First Bike...Pope Manufacturing....


----------



## miller32 (Oct 13, 2012)

*Second Bike*

Ideal Bicycle....


----------



## miller32 (Oct 13, 2012)

*More Second Bike....*

Ideal Bicycle more...


----------



## miller32 (Oct 13, 2012)

*Third Bicycle....*

Unknown Bicycle...no tag...


----------



## miller32 (Oct 13, 2012)

*Third Bicycle...*

Unknown...?????????


----------



## miller32 (Oct 13, 2012)

*Fourth Bike....*

Standard Bicycle....


----------



## rustyspoke66 (Oct 13, 2012)

Great score, the first bike looks like a G & J Gormully & Jeffery, Chicago IL, 1898. The only reason I say this is I have a basket case that has the exact same lug work.


----------



## miller32 (Oct 13, 2012)

rustyspoke66 said:


> Great score, the first bike looks like a G & J Gormully & Jeffery, Chicago IL, 1898. The only reason I say this is I have a basket case that has the exact same lug work.

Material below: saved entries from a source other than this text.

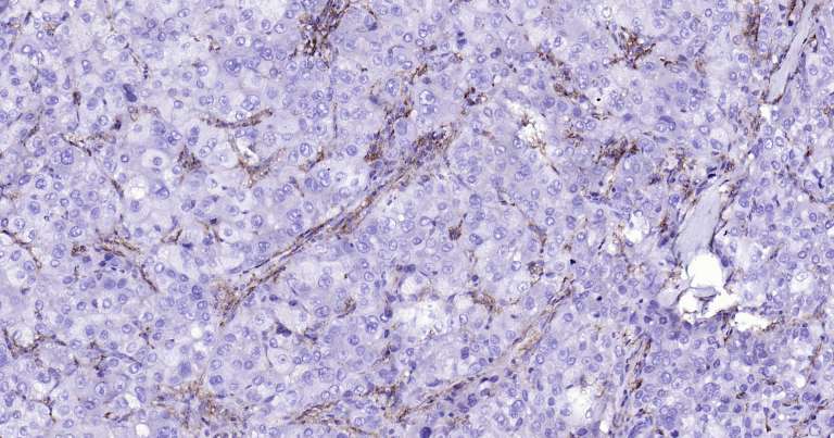 Immunohistochemical analysis of paraffin embedded human hepatocellular carcinoma tissue slide using IHC0301H (Human CD14 IHC Kit).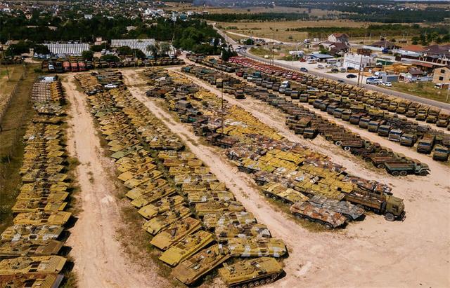 苏联废弃的武器库,停放着BTR'、BMP's、卡车。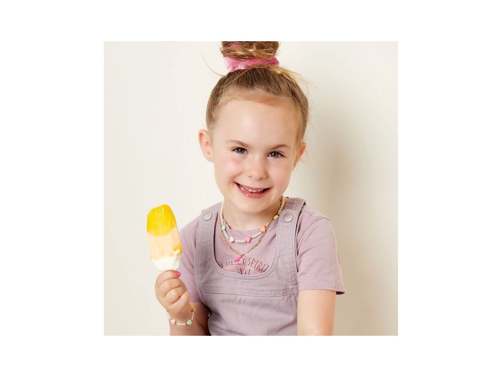 Krásný dětský náramek s barevnými korálky ve tvaru srdíček doplněn přírodními sladkovodními perlami a zlatými korálky z pozlacené chirurgické oceli.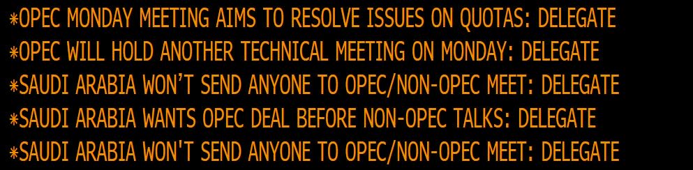 #OPEC | #SaudiArabia sent official letter of non-attendance for monday's meeting. source. reuters. #OOTT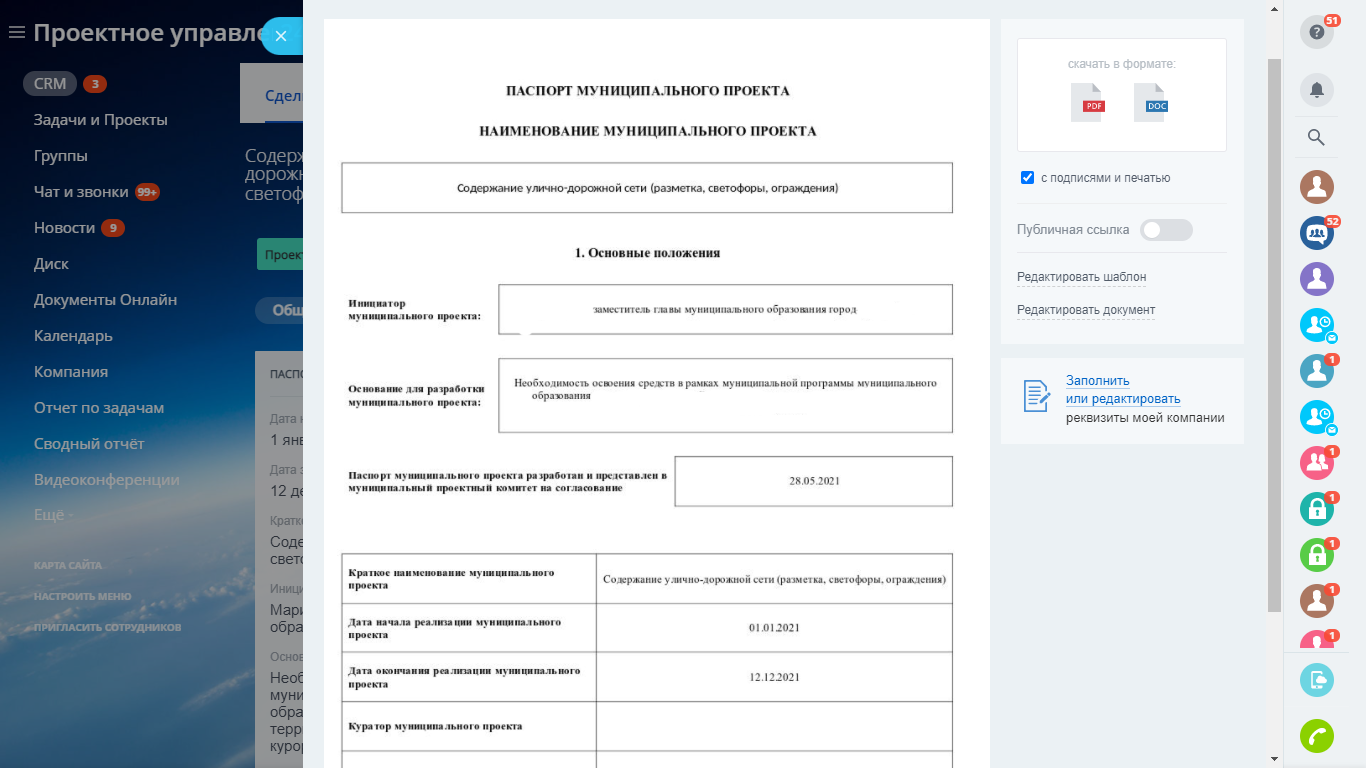 Автоматическое создание паспортов проектов и сводных отчетов.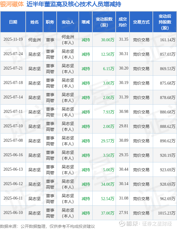银河磁体近半年内的董监高及核心技术人员增减持详情如下: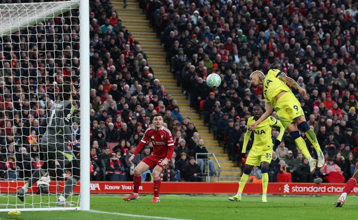 Á lokamínútum leiksins tókst Richarlison loks að koma boltanum í netið eftir skelfilegan varnarleik Liverpool-manna. Randal Kolo Muani fékk tíma til að dansa með boltann í teignum, áður en hann lagði hann á dauðafrían Richarlison sem lagði boltann neðst í vinstra hornið. Verðskuldað mark Tottenham-manna.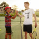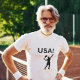 Camiseta Jogador de tênis dos EUA usando ponto como bola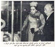 [[پرونده:ShahbanouSevenThousandYearsIranianArtParis1340.jpg|thumb|left|180px|شهبانو در آیین گشایش هفت هزار سال هنر ایران و گیرشمن ایران شناس]] | |||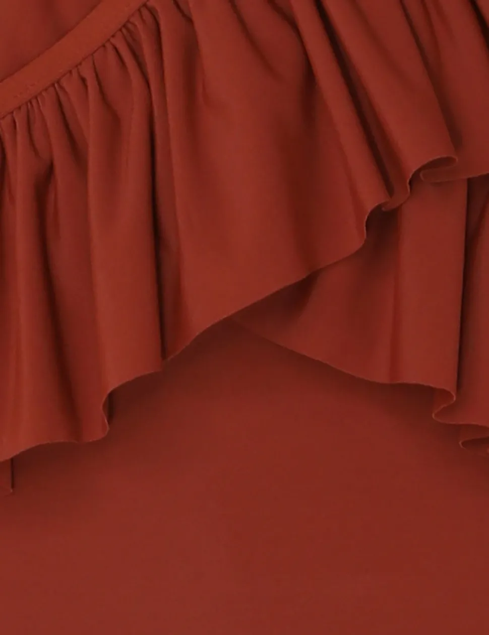 The Alight Gather Frill 1Pc In Terracotta From Our Resort Swim 2024 Collection. A Lycra Tie Up One Piece Featuring Frills Throughout.- Lycra One Piece

Thanks rustyspoke66.  The lugging on the first bike is incredible. The only marking on the entire bike is Pope Manufacturing.  I sure wish it had the headbadge.....


----------



## bike (Oct 13, 2012)

*the rake and gearing etc*



miller32 said:


> Unknown...?????????




suggest a "Trick" bicycle


----------



## Gary Mc (Oct 13, 2012)

miller32 said:


> Thanks rustyspoke66.  The lugging on the first bike is incredible. The only marking on the entire bike is Pope Manufacturing.  I sure wish it had the headbadge.....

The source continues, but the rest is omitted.